In the recent State of the Cure 2014 report, the Stem Cell Educator was identified as one of the eight Practical Cure projects currently in human clinical trials. 

The Stem Cell Educator, led by Dr. Yong Zhao at the Hackensack Medical Center, is an immune system retraining method.  Over several hours, a patient’s blood continuously passes through a machine which exposes blood cells involved in the autoimmune attack to cord blood stem cells, which ‘remind’ the immune system how to act properly.  Phase II trials have started and we look forward to the results which will reveal how frequently the procedure must be performed. The following interview with Dr. Yong Zhao shares the details.


Nick Masercola: How did you and your team get involved in type 1 diabetes research?

Dr. Yong Zhao: I got my start working at the University of Chicago with a focus in stem cell research, eventually moving into how to make them treat/cure autoimmune disease. From there, I eventually moved into the realm of type 1 diabetes when I came to the idea of reprogramming stem cells into insulin producing beta cells and reprogramming them to train the others.


NM: Please describe to us non-scientists what Stem Cell Educator does.

YZ: The simple answer would be that it educates the immune system, but I cannot define a word with a word. We take stem cells from cord blood and turn them into correctly working beta cells, and them implant them in your body. They work as a teacher would with students to the hosts beta cells, correcting them and helping them follow the correct procedure to function.


NM: How many years have you been on this journey?

YZ: 12 years.


NM: What are 3 things about your project that you want the type 1 diabetes community to know?

YZ: First: It’s safe. It’s heading into phase 2, so it’s been approved for safety. A three year old was even used in the phase 1 trials, and everything went fine. We are one of the safest projects currently in human trials.

Second: The trial has proved it can control autoimmunity and restore balance, and this next trial is just to see if it can be brought to a broader spectrum of people.

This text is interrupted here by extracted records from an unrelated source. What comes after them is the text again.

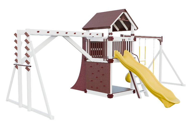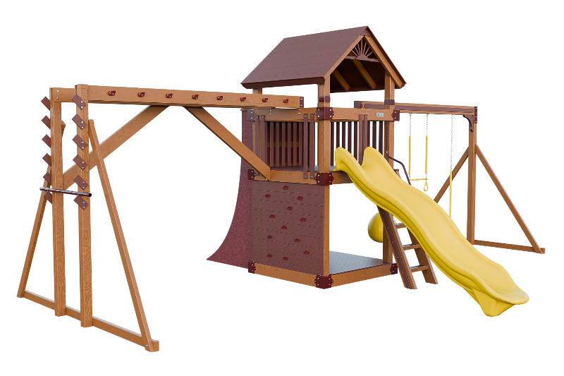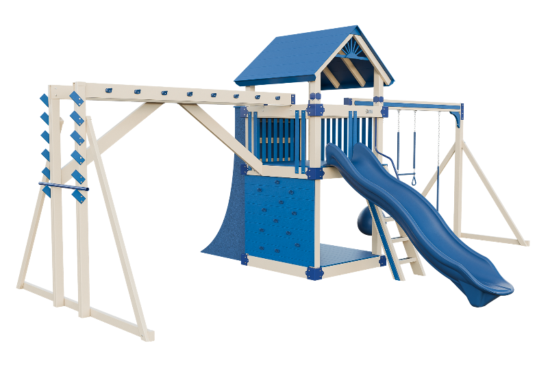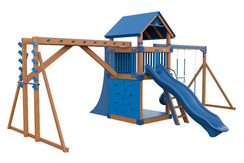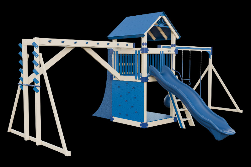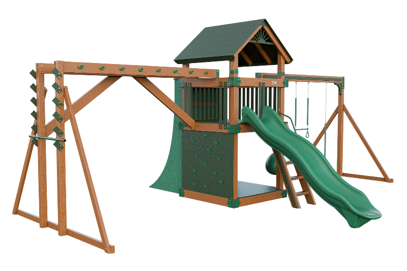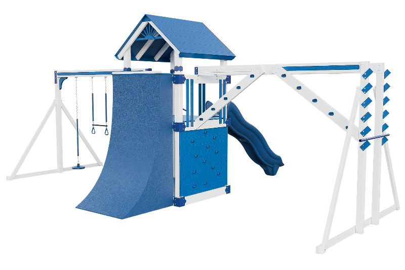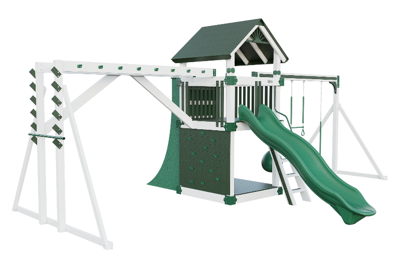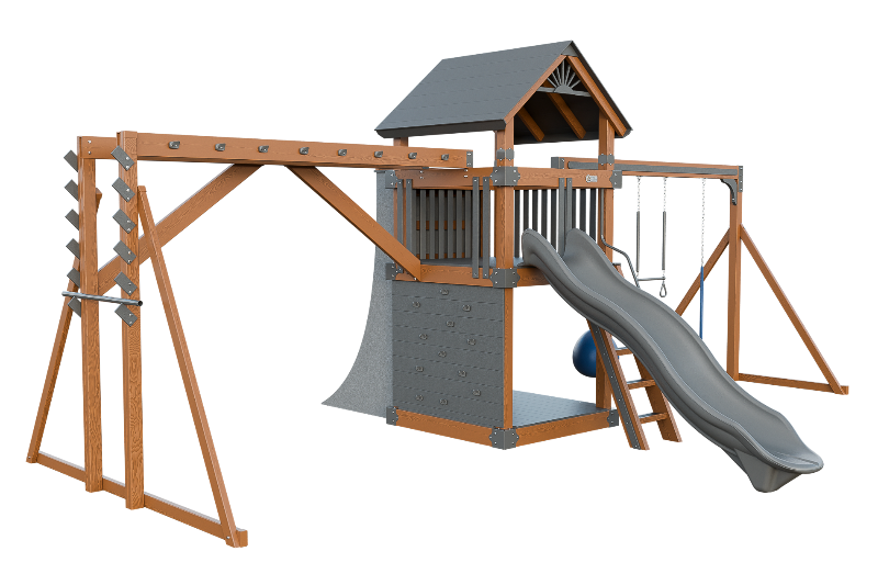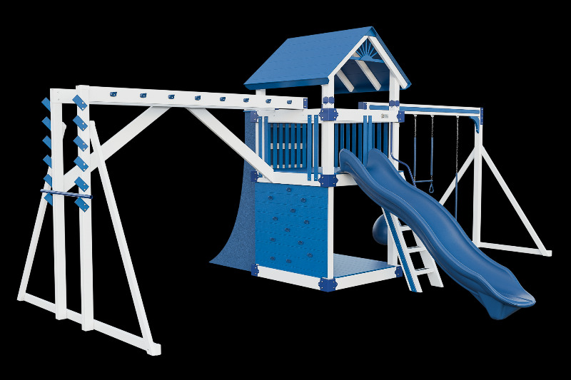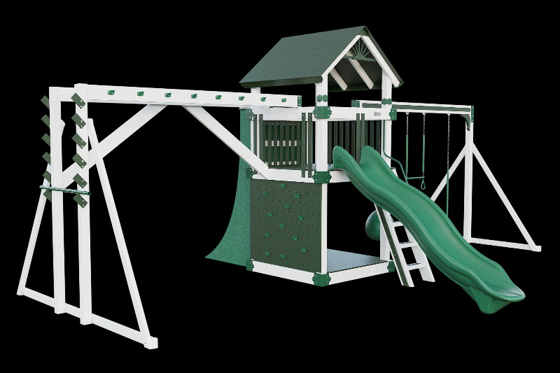 This combo playset is designed to provide your little ninja with hours of fun and adventure. It features a variety of climbing challenges, such as the Salmon Ladder, the V-climber, monkey bars, and even a warp wall to test your skills! The vertical rock wall will test their strength and agility, while the easy access ladder will allow them to reach the top of the playset. The 10ft Avalanche slide will offer them a thrilling ride down. This playset is ideal for developing motor skills and encouraging physical activity.
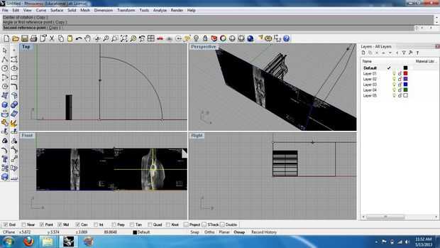 Realizar el mismo proceso en la segunda imagen: curva de puntos de control, parche, extrusión de superficie. Ahora tienes dos objetos sólidos. (Imagen 6) Dependiendo de donde usted pone la segunda imagen, la línea de rastreo puede o no ser directamente sobre la imagen. Si no es así, el proceso funciona igual de bien. Sin embargo, para que el parche funcione correctamente, asegúrese de que la línea no está curvada a través de múltiples planos de coordenadas.
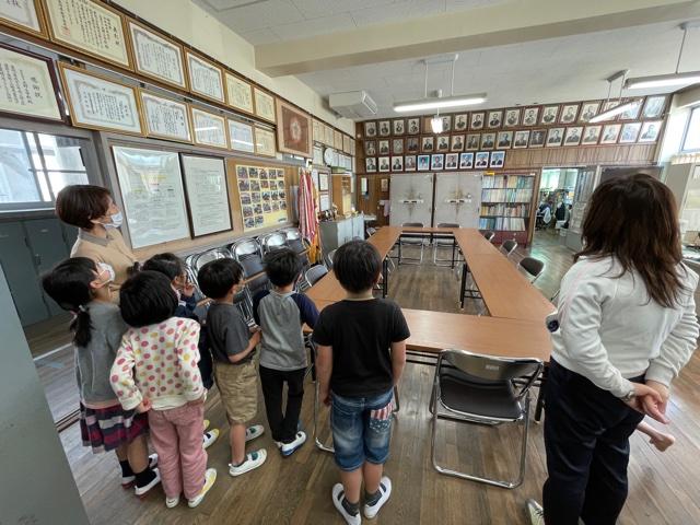どこに何があるかな? 1・2年生が、学校探検を行いました。2年生が1年生をエスコートして、大野小学校のいろいろな教室や施設を見て回りました。1年生に丁寧に教室の説…
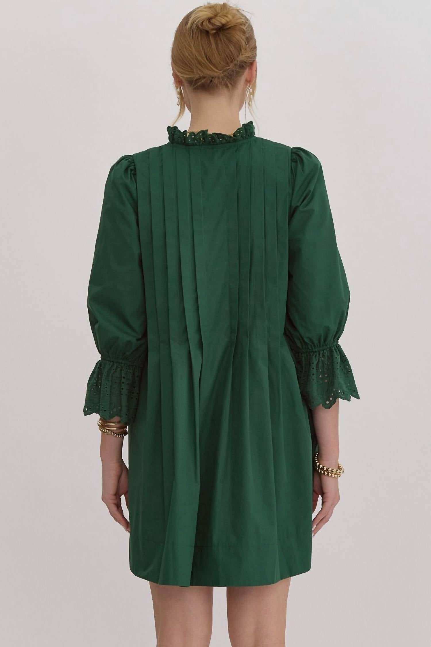 This pleated mini dress features a solid round neck, 3/4 sleeves with eyelet detailing at the cuff and neckline, and a button closure at the front. It has elastic cuffs and convenient pockets at the sides. Lined, made from 100% cotton.

Third: It’s a solution that works better the faster it is implemented in your body. The more beta cells that are still alive, the better “re-training” goes. Growing the beta cells back for training is a more difficult, lengthy process. To use the above example, the longer a student has bad habits, the harder it will be to correct them.


NM: If successful, how will it change the lives of people living with T1D?

YZ: Depends on patient’s state. The sooner the therapy is applied the better. Even in longer-diagnosed patients, there is evidence that their metabolic rate improves after the Stem Cell Educator is used.


NM: In what stage of human trials is Stem Cell Educator? When can we expect to learn the next set of results?  

YZ: Have been approved for phase 2, but are currently trying to secure funding for the entirety of the trial.


NM: Are you still recruiting for the trial?  If so, how can people get in touch with you?

YZ: Yes, you can apply through our clinical trials page:


NM: What are the biggest obstacles your team faces?

YZ: Funding. Currently we do not have enough to complete the trial. That, and FDA regulation can be extremely difficult to navigate. I have a mobile lab, and have been attempting to perform trials in Hackensack NJ.


NM: What can the type 1 diabetes community do to support your project?

YZ: We now take donations, in addition to submitting proposals for NIH funding. Honestly, it’s mainly getting the money to finish the trial. It’s exhausting trying to get funding, and it slows the whole process down tremendously.